At AVSP ’98 Eric led the charge and on December 5, 1998, AVISA (the Auditory-Visual Speech Association) conceived earlier by Benny and Eric, became the 2^nd ISCA Special Interest Group (SIG). Eric always shunned grandiose titles, so he pushed Philip Rubin into the Interim President position, with Eric himself and Denis as interim steering committee members.

The AVISA objectives that Benny and Eric devised are to link AV researchers; facilitate better understanding of processes of auditory-visual speech perception and production and the modelling of speech gestures for realistic animation; share knowledge of AVSP in as many languages as possible; and disseminate AVSP research knowledge worldwide. Almost 20 years later it continues to do just that.

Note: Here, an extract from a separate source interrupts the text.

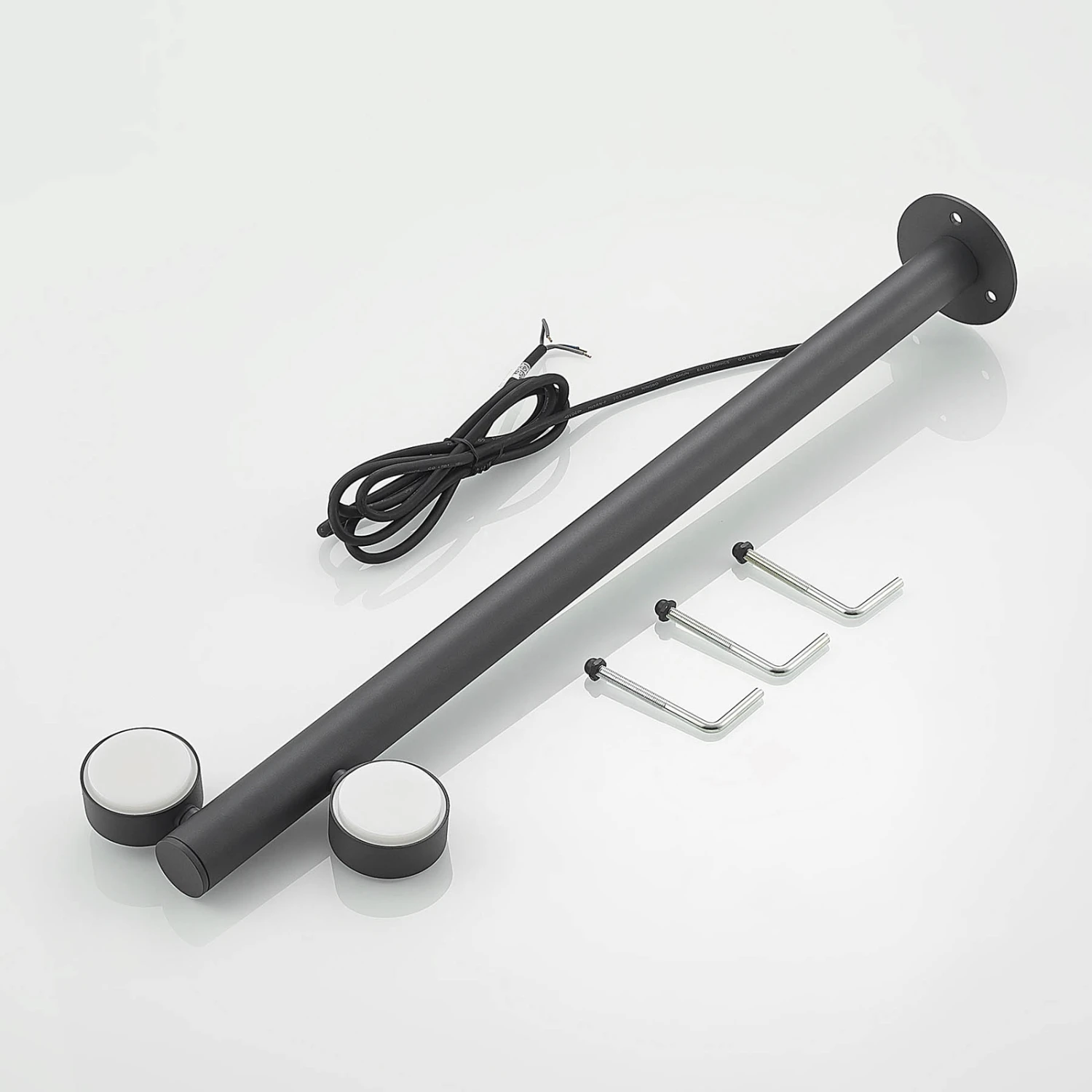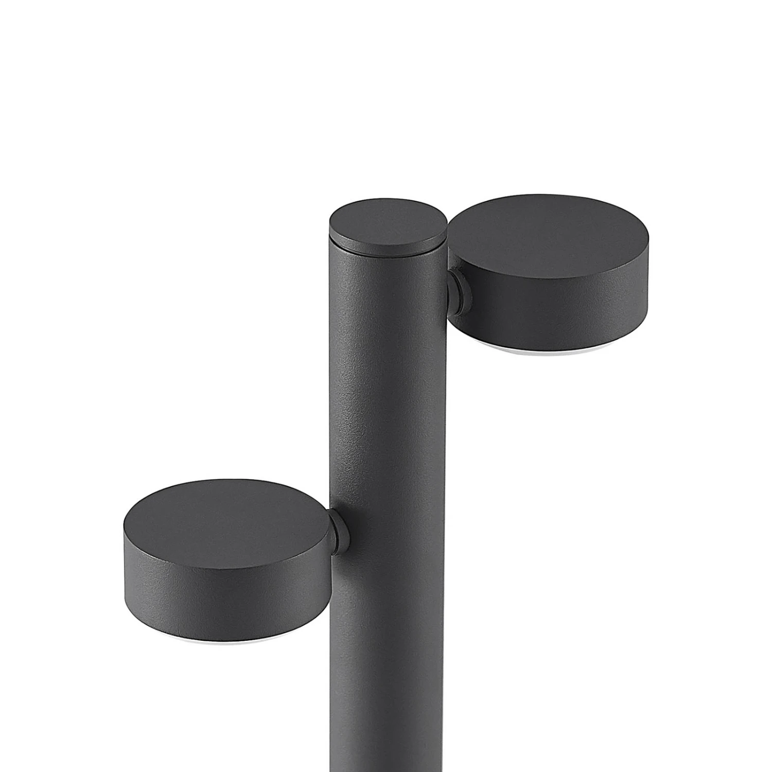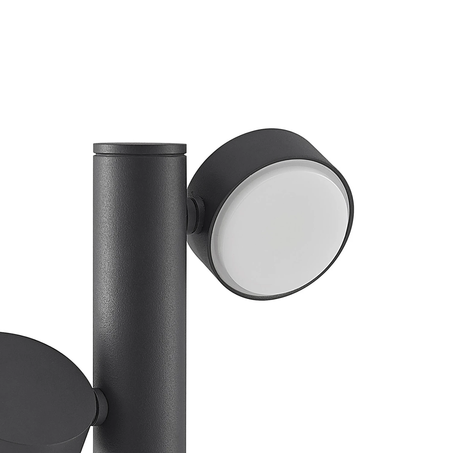 Die schlanke LED-Wegeleuchte Kynlee besitzt einen modernen und markanten Charakter. Ihr Leuchtenkörper besteht aus Aluminium und ihre Oberfläche ist in einem stimmigen Dunkelgrau gehalten. Sie besitzt zwei Leuchtenschirme, welche an der Spitze ihres Standbeines angebracht und nach unten gerichtet sind, wobei sich die Lichtausrichtung auch anpassen lässt. In den Schirmen sind LEDs fest verbaut und generieren ein warmweißes Licht, welches ein stimmiges Ambiente für den Außenbereich generiert. Die Schutzart IP54 lässt die LED-Pollerleuchte Kynlee geschützt sein gegen Staub und Spritzwasser und ihr modernes Design integriert sich mühelos in einen Garten oder in den Baustil eines Hauses.

Throughout his career Eric skirted around the walls of conference halls chewing on ideas and interjecting with sage comments; he set up collaborations and instigated or augmented new labs in Japan, Brazil, Canada, Australia, France, USA, Germany and more; he bred a generation of auditory-visual speech production and perception researchers; and he cajoled, criticised, abused and hugged, and drank and smoked, with his collaborators. In 2005, Eric hosted a memorable AVSP on Vancouver Island, with the topics of the invited lectures perfectly illustrating Eric’s approach to what needs to be understood: A lecture on the structure and function of the jaw; one on modelling face and tongue biomechanics, and one to remind us what it’s all about – ‘Appreciating face-to-face dialogue’.

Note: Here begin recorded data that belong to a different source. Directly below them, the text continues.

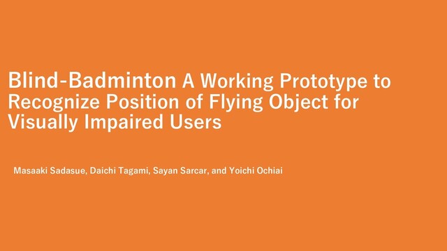 Masaaki Sadasue, Daichi Tagami, Sayan Sarcar, Yoichi Ochiai. (2021) Blind-Badminton. In: Antona M., Stephanidis C. (eds) Universal Access in Human-Computer Interaction. Access to Media, Learning and Assistive Environments. HCII 2021. Lecture Notes in Computer Science, vol 12769. Springer, Cham. https://doi.org/10.1007/978-3-030-78095-1_36
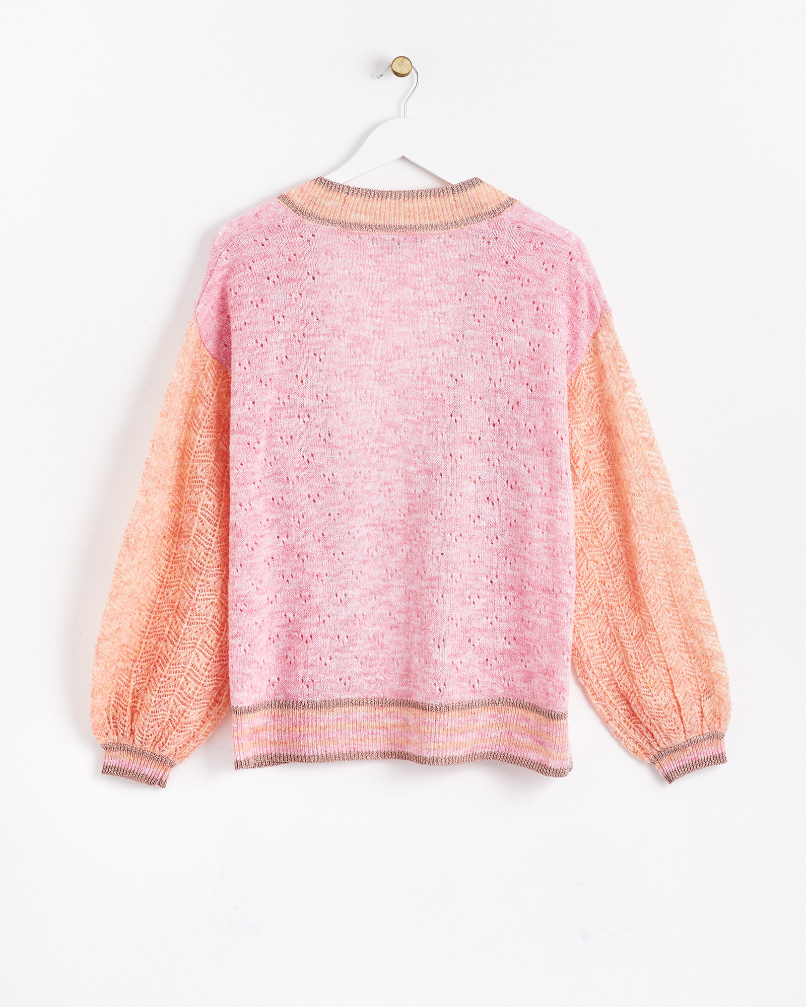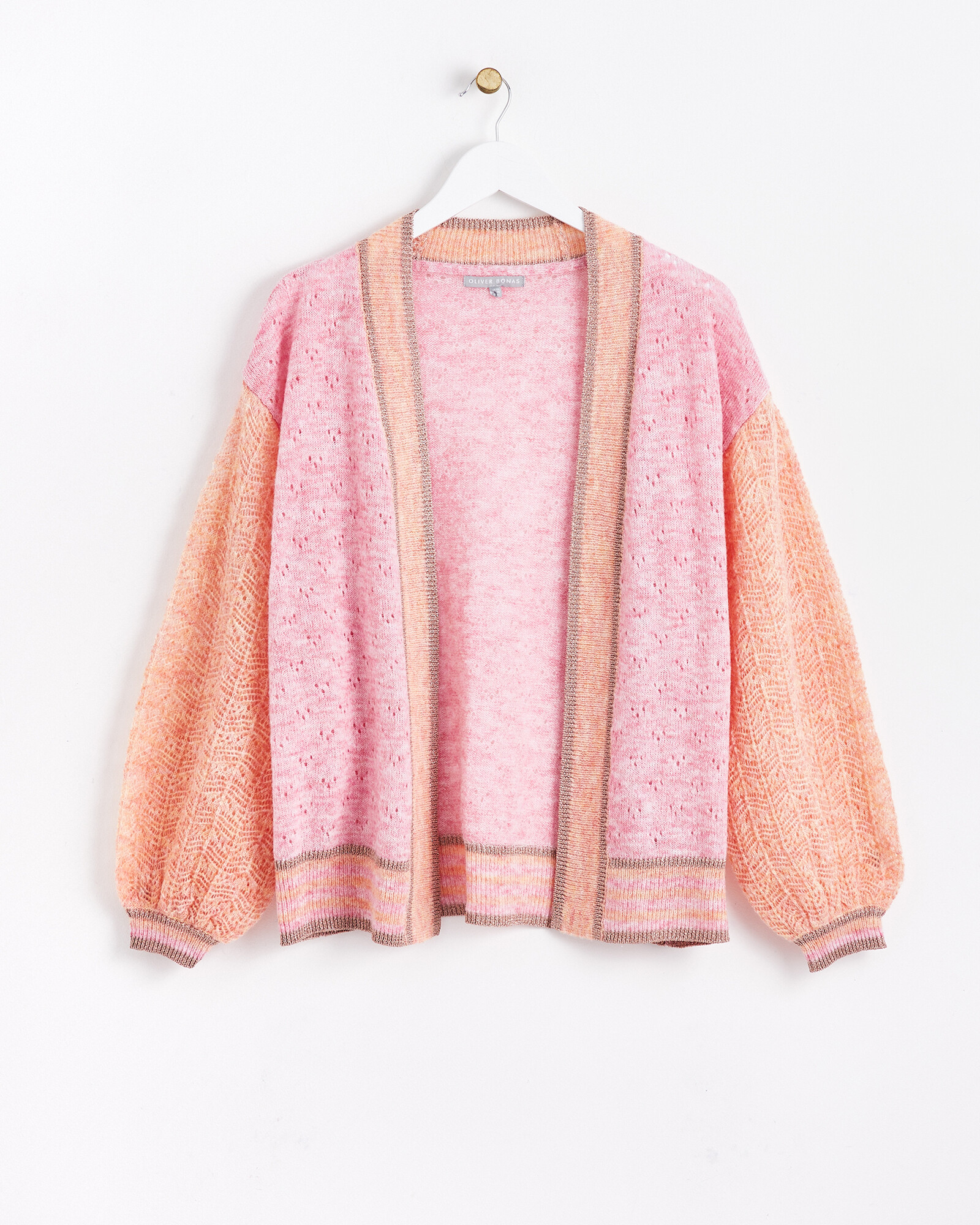 Home | Clothing | Cardigans | Pointelle Pink & Orange Knitted Cardigan
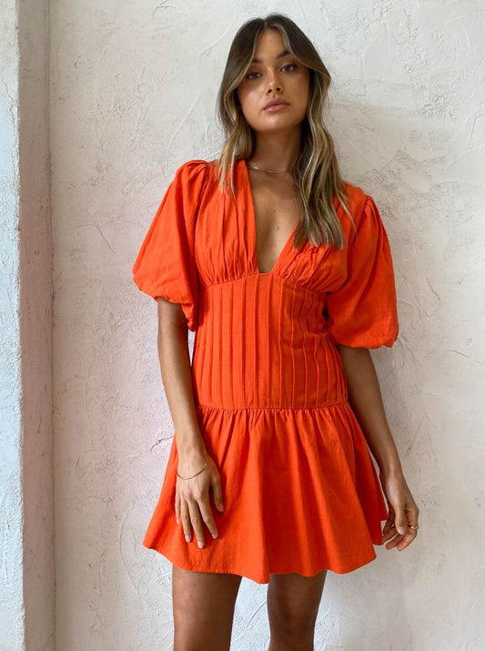 Designed with the Coco girl in mind, this charming mini dress is crafted from a non-stretchy breathable Textured Cotton Fabrication in ravishing Cherry hue. Fitted across the bust and vertical fold stitch detailed waist, it features a deep v plunging neckline and billow bubble sleeves with elasticated sleeve openings.

Eric played a critical role in establishing the AVSP community – AVISA and the AVSP conferences; they would not be here without him. Eric is gone, but he is larger than life…. We thank him, and those of us who knew him, love him still.

Denis Burnham,

with input from Laurie Fais, Ruth Campbell, Kevin Munhall, and Phillip Rubin and Editor-in-Chief, Chris Davis

Bonus 1 : Chateau de Bonas attendees

1 P. Kricos – 2 K. Pichora-Fuller – 3 P. Smeele – 4 O. Garcia – 5 J. Beskow – 6 P. Cosi – 7 M. Sams – 8 D.G. Stork – 9 D. Massaro – 10 C. Benoit – 11 J. Movellan – 12 A. Adjudant – 13 I. Matthews – 14 M. Vogt – 15 J. Luettin – 16 K. Green – 17 S. Hiki – 18 N.M. Brooke – 19 C. Abry – 20 P. Bertelson – 21 M. Cohen – 22 J. Robert-Ribes – 23 T. Coianiz – 24 E. Auer, Jr. – 25 M. Piquemal – 26 D. Burnham – 27 P. Silsbee – 28 M.-A. Cathiard – 29 L. Bernstein – 30 H. Saldaña – 31 A. Fuster-Duran – 32 R. Campbell – 33 M. Hirayarma – 34 E. Vatikiotis-Bateson – 35 M.E. Hennecke – Not shown: Martine Cornuejols, Manuel Grana, Fabio Lavagetto, Si Wei Lu, Eric Petajan, Leandro Rodriguez-Linares, Robert Sokol

Bonus 2 : (or was that the larynx?)

Eric eliciting stress contrasts from an unsuspecting Australian with a hook electrode in his cricothyroid muscle

References

Dodd, B, and Campbell, R. (Eds) (1987) Hearing by Eye: The Psychology of Lip-Reading. Lawrence Erlbaum Associates, London.
Campbell, R., Dodd, B., & Burnham, D. (Eds) (1998) Hearing by Eye II: Advances in the Psychology of Speechreading and Auditory-visual Speech. Hove, UK: Psychology Press, P. ix.
Stork, D. G., & Hennecke, M. E. (Eds.). (1996). Speechreading by humans and machines: models, systems, and applications(Vol. 150). Springer Science & Business Media.